There are some things I'll never be, I'll never be rich or famous, I'll never be taller, I'll never be blond, I'll never have a tan, I'll always just burn, I'll never like my toes, I''ll never have less freckles...but I can be fit and healthy and enjoy my life so that is where I'm trying to go.
My motivation came from my hepatologist. I was told very bluntly that I would need a liver transplant in the future and that in my current state of health that I wouldn't be able to receive one. My weight was causing problems with Diabetes, Congestive Heart Failure, Asthma, Severe Hypertension and Tachycardia. All of these could be controlled best with the loss of weight and then I'd be healthy enough for a transplant. I cried and I got over it and did something about it. I decided right then and there that I wanted to Live. I wanted to see my DD raised. I wanted to be around for my grandchildren. When it truly does come down to life or death, the choice to lose the weight is an easy one. I'm now at goal and my health is so much improved. I think it will be quite a while before I get a transplant but I intend to stay at a healthy weight and exercise until this time. I want the best possible survival chance.

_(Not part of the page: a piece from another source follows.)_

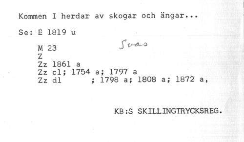 //// Kommen I herdar av skogar och ängar... //// Se: E 1819 u //// M23 //// Z //// Zz 1861 a //// Zz cl; 1754 a; 1797 a //// Zz dl ; 1798 a; 1808 a; 1872 a, //// KB:S SKILLINGTRYCKSREG. ////

My motivation was finding my hubby in an online affair. (though he swears it wasn't an affair). He was ready to leave, his biggest points, the fact that I didn't take care of myself anymore. That I had gained a buttload of weight and sat at night doing nothing but eating and gaining even more. That I didn't wear my makeup and that I didn't care what I looked like. That was mid October. I had lost 30 lbs already but was putting back on what I had lost cuz as usual I had quit trying again. So then I got serious, real serious. I have now lost another 30 some lbs., dropped several clothing sizes. He is now snuggling again. Loving buying me new clothes. After I drop the next 4lbs I get my first tattoo. He even got me a sapphire necklace for Christmas. I'm dealing with my depression through therapy and medication (by the way the depression was part of the reason for the weight gain). We are dealing with our marriage and at this time there isn't another woman online. I should tell you too that his little online thing turned out to be a scam. It got figured out when she had started asking for money. I do know that she wasn't the first online fling, but he isn't aware that I know that. I also know that it hasn't been a constant and continous thing. There have only been 2 that even his best friend is aware of. The dh is 42 and for the past couple of years he has not dealt with life well. I believe he has been going through his own midlife crisis. These women were telling him what he wanted to and needed to hear. He doesn't admit that either but I have my ways of finding things out. He even got a motorcycle almost a year ago. (he has ridden for years, though he hasn't had one and been able to ride in a long time.)
What I have to remember is that they weren't good enough for him to actually leave me, and as much as finding out hurt now we are dealing with the issues in our marriage and are actually working on our marriage. I am working on me. He will have to work on him. And no ladies, it wasn't a sexual thing. We are finding ways to reconnect. Motorcycles are becoming a part of that. I am learning to ride and getting my own and we are planning on going to a bike rally in September.
Last edited by wannabsexy : 01-08-2007 at 06:47 AM.